One famous result of Stinson, van Trung, and Wei is that PHFN(k,v,t) <= c*(log(2k choose t)-log(k)) where c is a constant independent of k, but dependent on v, t. The proof essentially shows that if we start with 2k columns, and have the expected number of unseparated t-sets be strictly smaller than k, then we can delete one column from each of these unseparated t-sets, and are guaranteed then to have at least k columns. The math continues almost identically to the basic method in Perfect Hash Families (a brief overview).
But note that this method does not rely on having exactly 2k columns – note that if we started with any number of columns m > k, and delete m-k columns, we are still ok.

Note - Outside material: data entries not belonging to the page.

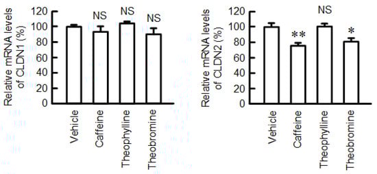 Effects of coffee ingredients on the mRNA levels of CLDNs. The mRNA levels of CLDN1 and CLDN2 were measured using real-time PCR and are represented as a percentage relative to vehicle. n = 3–4. ** p < 0.01, * p < 0.05, and NS p > 0.05 compared with vehicle.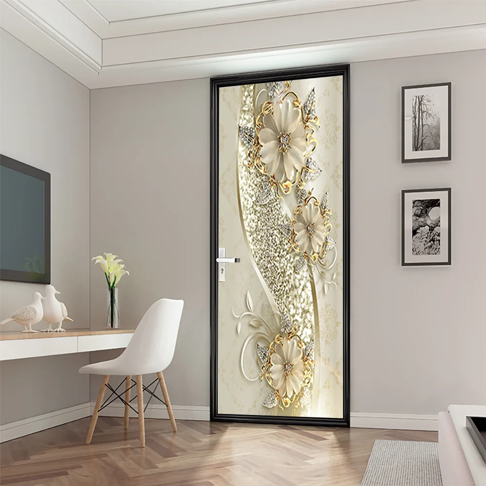 ПВХ обои, 3D наклейки на дверь с золотыми цветами для кухни, спальни, украшение для раздвижной стеклянной двери, постер, домашний дизайн, сделай сам, настенные наклейки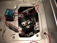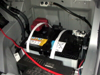 メインバッテリーから大容量線をABSユニットのホールへ渡し、充電キットへ接続する。 |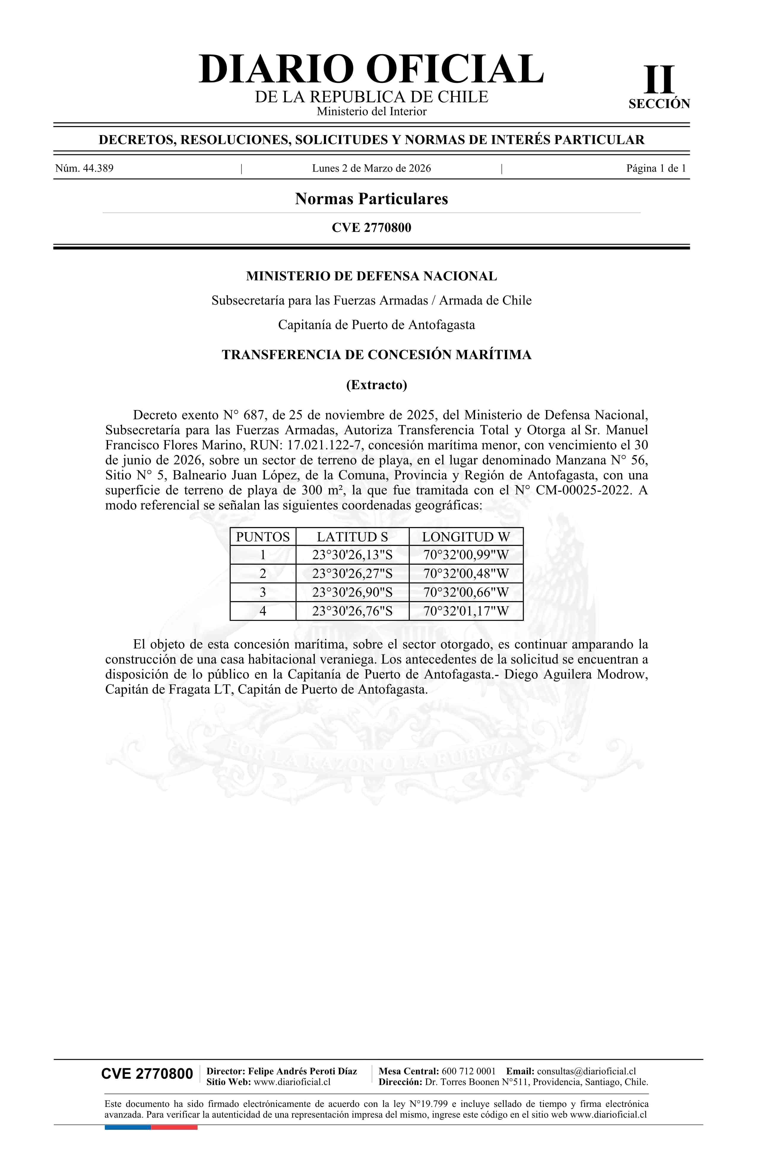 Extracto de decreto exento número 687, de 2025.- Transferencia de concesión marítima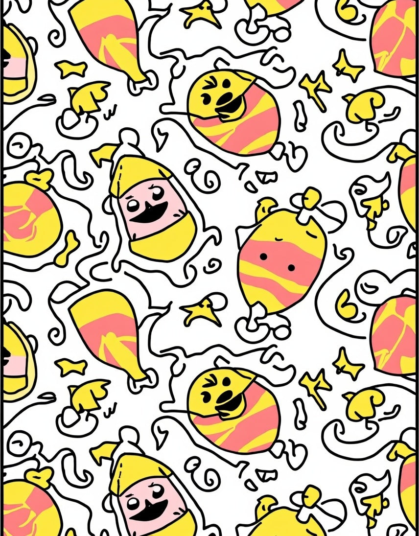 Frosted Corn Swirl with Playful Bones and Trickster Faces(Yellow)

So therefore PHFN(k,v,t) <= c*(log(m choose t) – log(k-m)) where c is the same constant as before.
The question then is to determine what is the “best” choice of m here, since it is a discrete value. One could use Stirling’s approximation and find the minimum of such a function by taking the derivative of it with respect to m.
The function is: m log(m) – t log(t) – (m-t)log(m-t) – log(m-k), and the derivative is log(m) – log(m-t) – 1/(m-k). WolframAlpha cannot find a value of m that has this derivative equal to 0. We could note that t log(t) is much smaller than mlog(m), and approximate t log (t) by 0, but this does not help.
If someone can identify how to find the minimum of this function, that would be of great use!